Peabody's comments were echoed by another urologist, Vip Patel, MD, of St. Vincent's Hospital (Birmingham, Alabama), who told a substantial audience at the Intuitive booth that "patients are asking us for the robotic surgery, because they are attracted to its minimally-invasive approach."

DVP procedures are surging and now account for the largest number of Intuitive's procedures. According to a late-April report by Tom Gunderson, a medical device analyst at Piper Jaffray (Minneapolis, Minnesota), about 1,000 DVP procedures were performed with the da Vinci in 1Q04. By the fourth quarter, Gunderson projects that number to nearly triple to 2,700.

Another prostate cancer therapy enjoying booming growth is cryotherapy, which is dominated by Endocare (Irvine, California). According to MRG, cryoablation of the prostate accounted for a scant 4% share of the market in 2003, but it is forecasted to surge to an 11% share by 2007, which would represent the fastest-growing modality in the prostate cancer surgery space. Endocare's 1Q04 results bear testimony to the robust growth of cryotherapy, as the company showed a 37% jump in prostate cryotherapy procedures over the comparable 2003 period. That growth rate was in line with its procedure growth in 2003 over the 2002 performance and is all the more impressive considering the company has been ensnared with onerous accounting and legal problems since 4Q02.

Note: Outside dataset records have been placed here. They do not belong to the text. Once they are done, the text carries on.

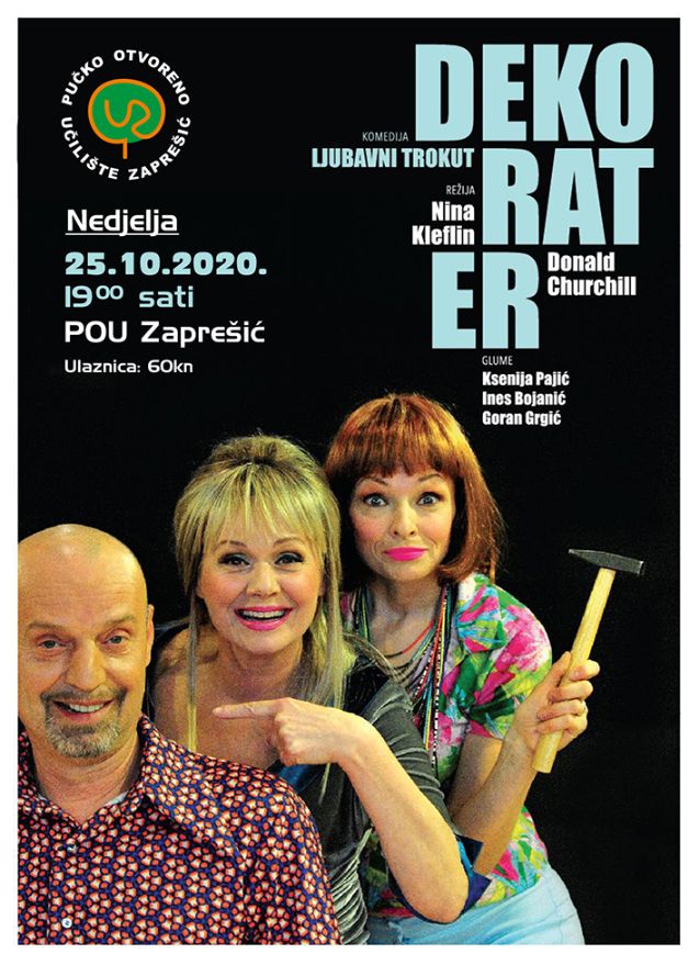 Urnebesno smiješna komedija Dekorater (ljubavni trokut), Donalda Churchilla, u izvođenju dramskih prvakinja: Ksenije Pajić, Ines Bojanić i nacionalnog dramskog prvaka Gorana Grgića.
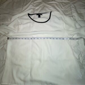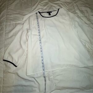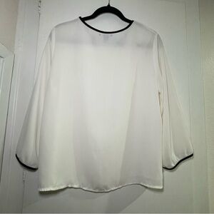Elegant white blouse with black trim, perfect for any occasion. Sheer fabric perfect for an office siren look. Size L. Features a classic design that pairs well with any outfit. Excellent preowned condition- never worn.
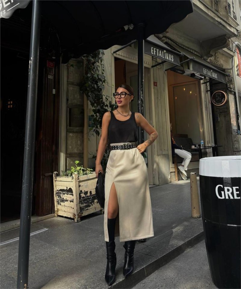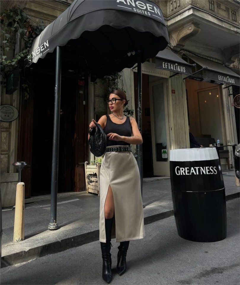 SÜET KALEM ETEK YIRTMAÇ DETAYLI – Taş
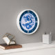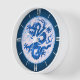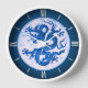 Clock in a Chinese dragon pattern adapted from antique porcelain china, in deep indigo blue and white on a soft swirled background of clouds
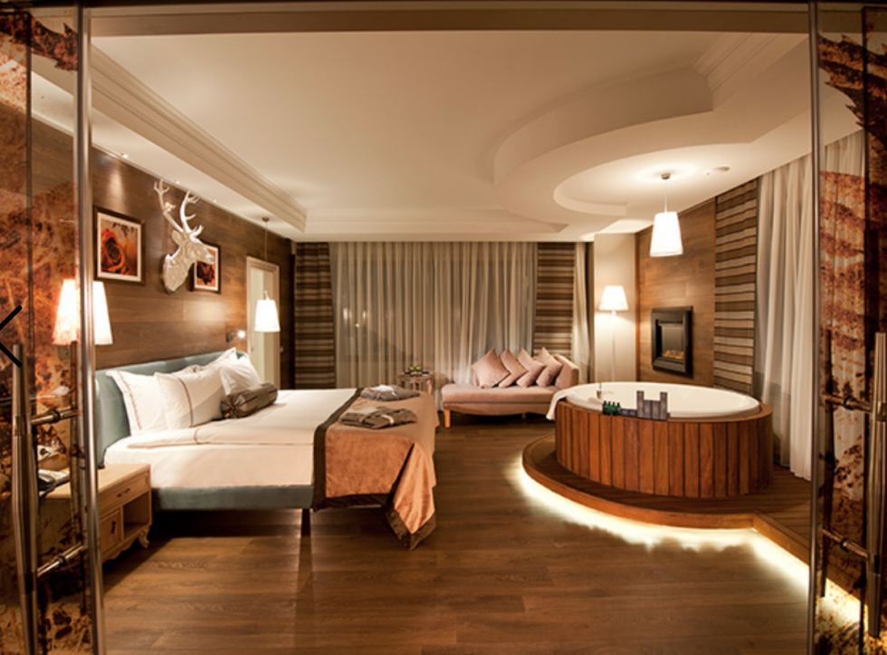 ROOM FEATURES: Jacuzzi in front of the window (Jacuzzi can be square or round), 2 Bedrooms + 1 Living Room, 2 Electric Fireplaces, Modern Mountain Concept Decoration, Sofa,
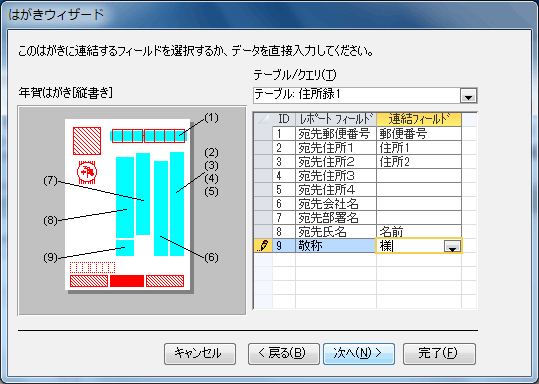 - はがきに連結するフィールドを選択するか、データを直接入力して[次へ]ボタンをクリックします。
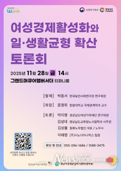 뉴스펀치 김길룡 기자 | 경상남도는 28일 오후 2시 창원 그랜드머큐어앰배서더 티파니룸에서 ‘여성 경제 활성화와 일·생활균형 확산 토론회’를 개최한다고 밝혔다.
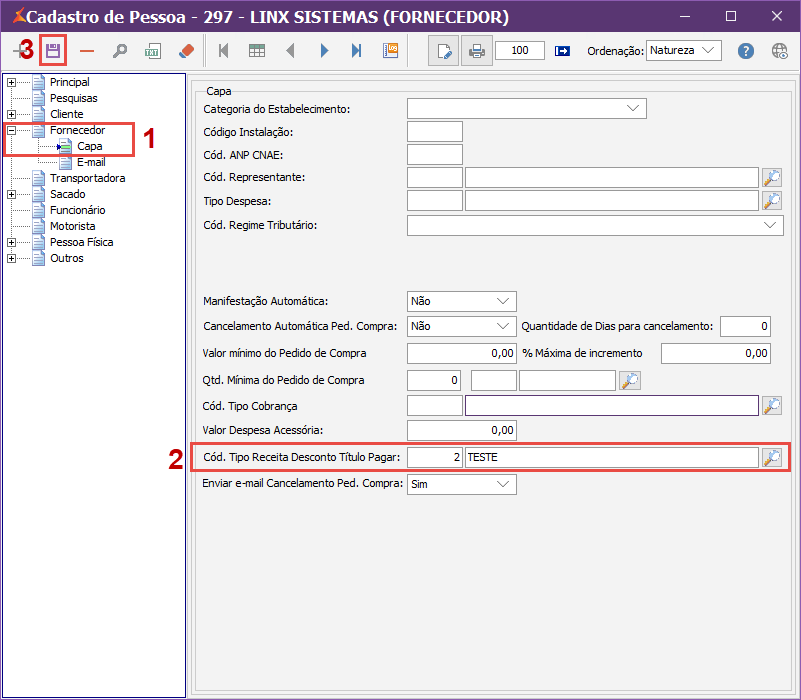 1. Localize o cadastro do fornecedor a ser configurado, clique na guia Fornecedor Capa.
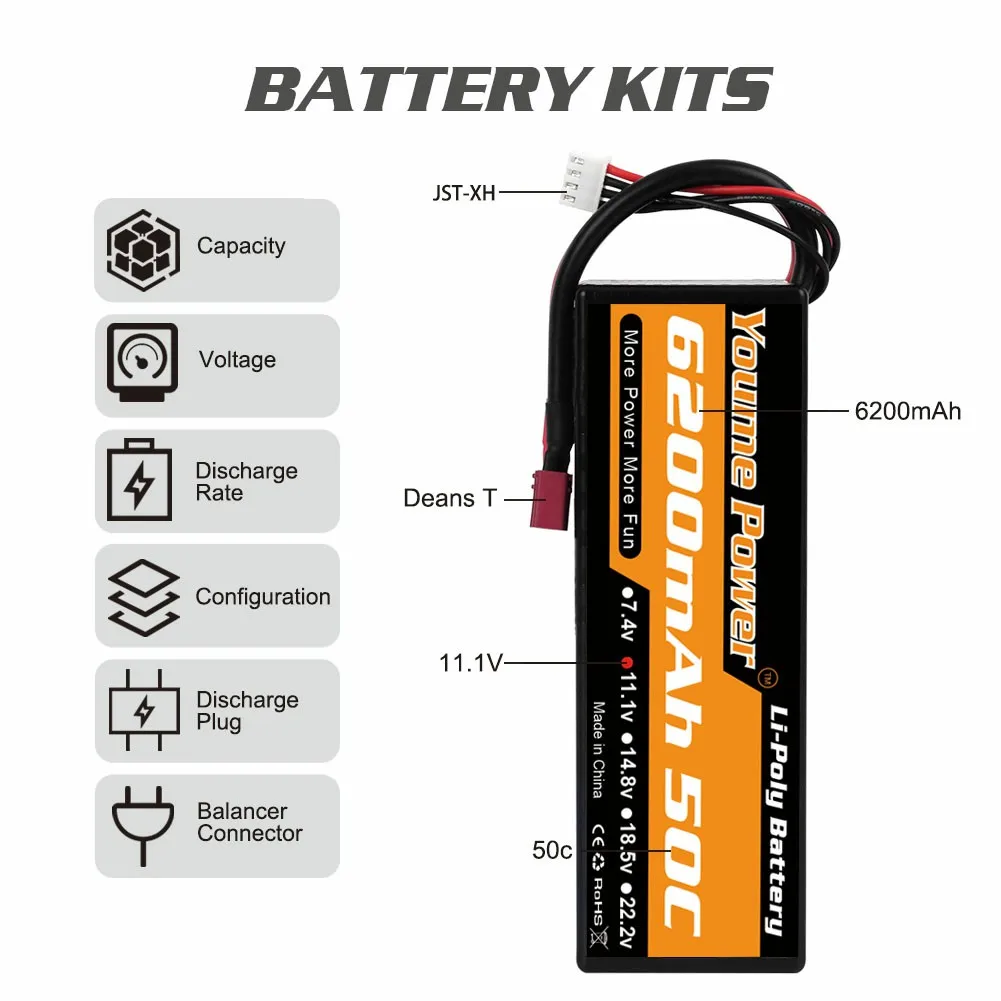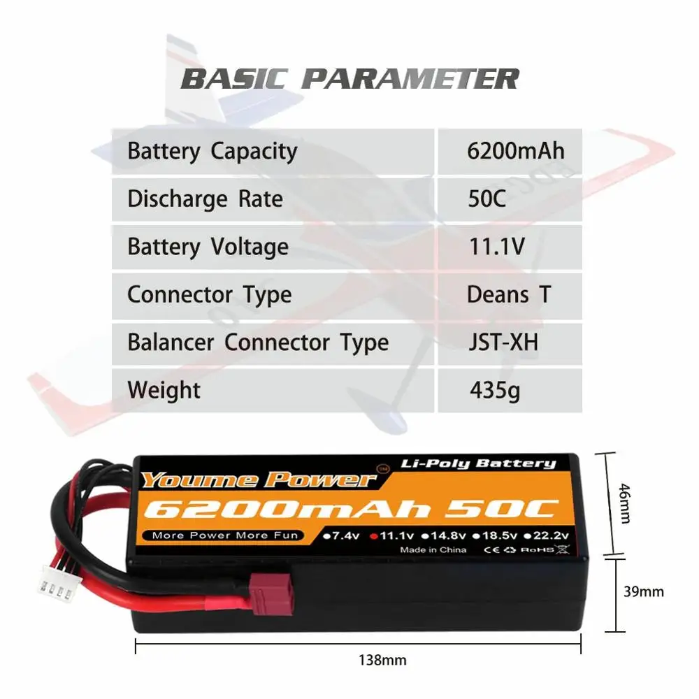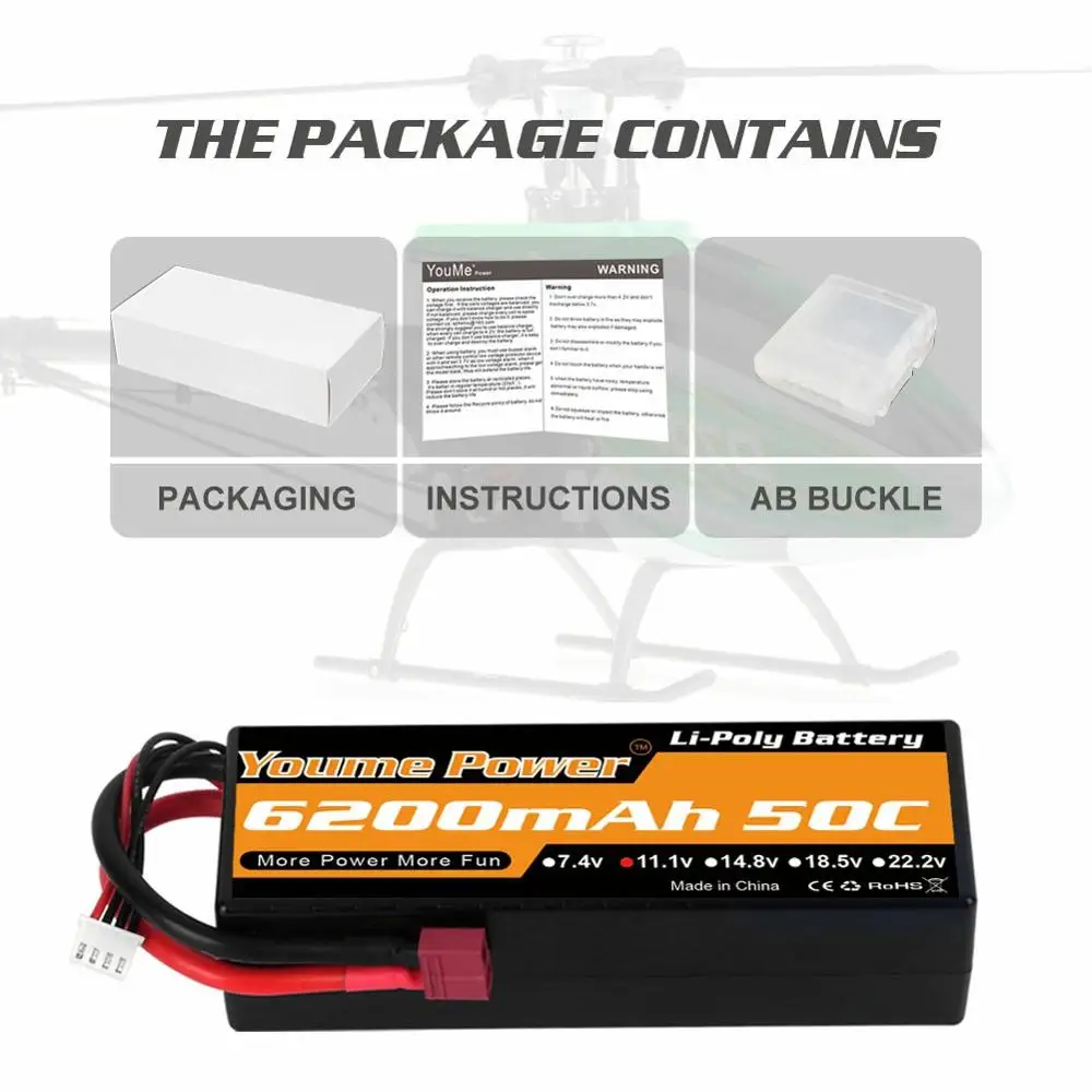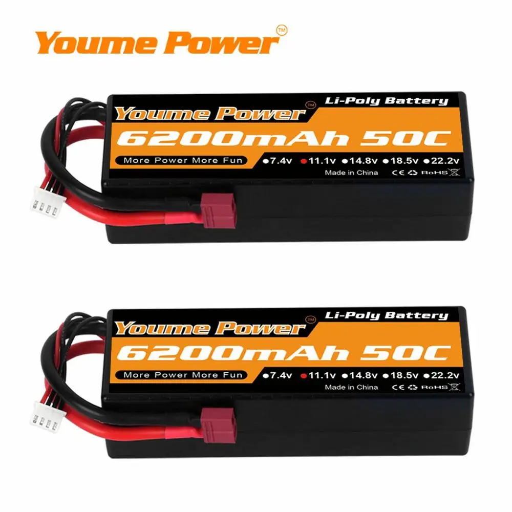 Литий-полимерный аккумулятор Youme 3S, 2 шт., 11,1 В, 6200 мАч, Твердый чехол 50C для радиоуправляемого автомобиля traxxa Trex X 110 112, радиоуправляемого грузовика, монстров, лодки Aorplane
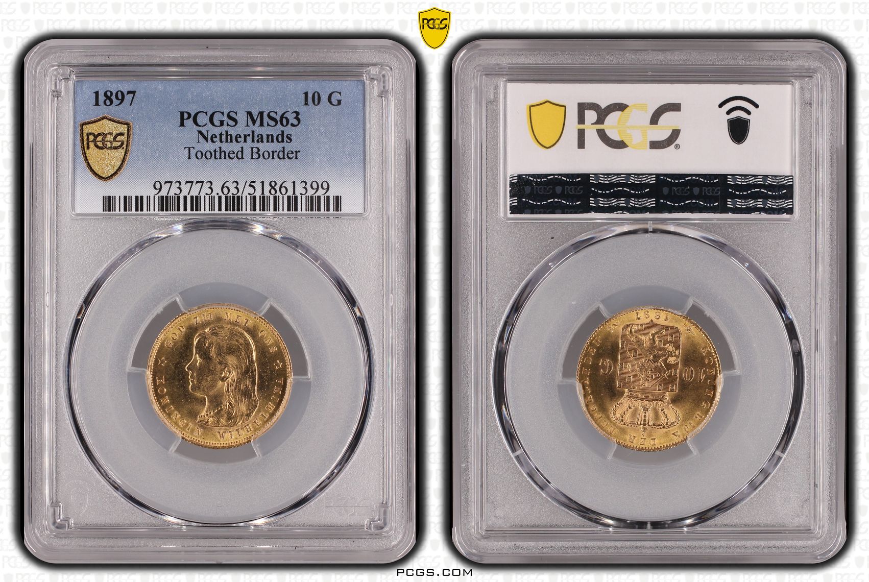 Gouden Wilhelmina 10 gulden 1897 MS63 PCGS vaste parels (pop 10/114)
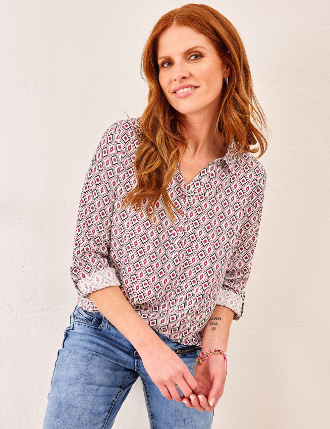 • Schlupfbluse mit Hemdkragen im Henley-Style
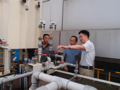在金山環(huán)保董事長錢盤生、南方泵業(yè)執(zhí)行總經(jīng)理魯炯、副總經(jīng)理姚文彪等領導的陪同下,施秘書長等一行領導先后參觀了公司的新技術與裝備展示區(qū)、公司承建的大型工程展示中心、小試及中試裝置等設施,并重點實地考察了公司國內首創(chuàng)的太陽能低溫復合膜處理污泥及餐廚垃圾的技術示范基地。
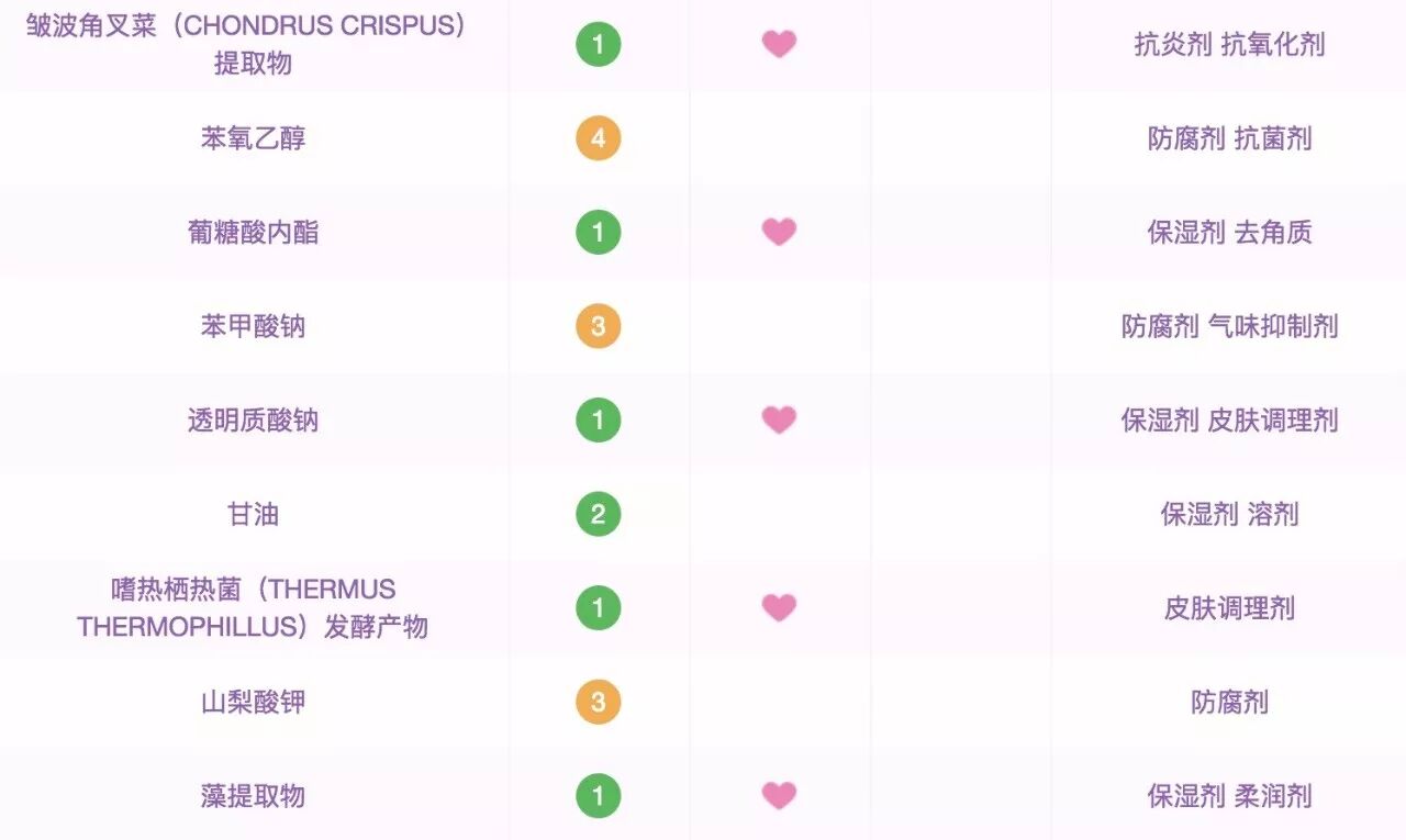 其实从成分表中看,前排有酵母提取物和肽,后面还有视黄醇棕榈酸酯和为维生素E等等,全都是抗氧化和抗老的成分,尤其是视黄醇棕榈酸酯是维A的衍生物,对于细纹有很好的改善效果。
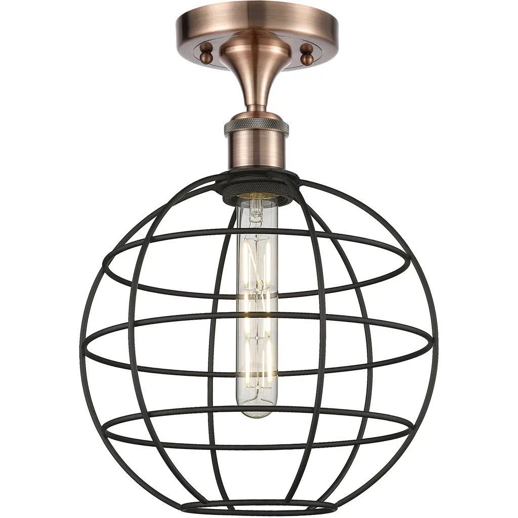 Ballston Lake Placid - 1 Light 10" Semi-Flush Mount - Satin Nickel Finish - Matte Black Shade

Cryotherapy, or deep freezing to destroy malignant tissue, has been available for about a decade but had developed a poor reputation in the late 1990s because of erratic performance of the equipment, lack of reimbursement and the paucity of solid clinical data. Endocare has restored cryotherapy's credibility and, along with its lone competitor, Oncura (Plymouth Meeting, Pennsylvania), is experiencing increasing acceptance of the technology.

David Ellis, MD of Urology Associates of North Texas (Arlington, Texas), told BBI that there now is "overwhelming data that cryotherapy is good medicine." In fact, he indicated that his group practice, the largest in the U.S. with 36 urologists on board, has turned almost entirely to cryotherapy and radical prostatectomy in dealing with prostate cancer. The group has purchased a da Vinci system and now is actively performing DVP procedures.

"These two modalities are clearly the future of prostate cancer therapy," Ellis said, noting that patients are demanding the least-invasive method to treat this disease. He added: "I cannot imagine that knife surgery will be practiced 10 years from now."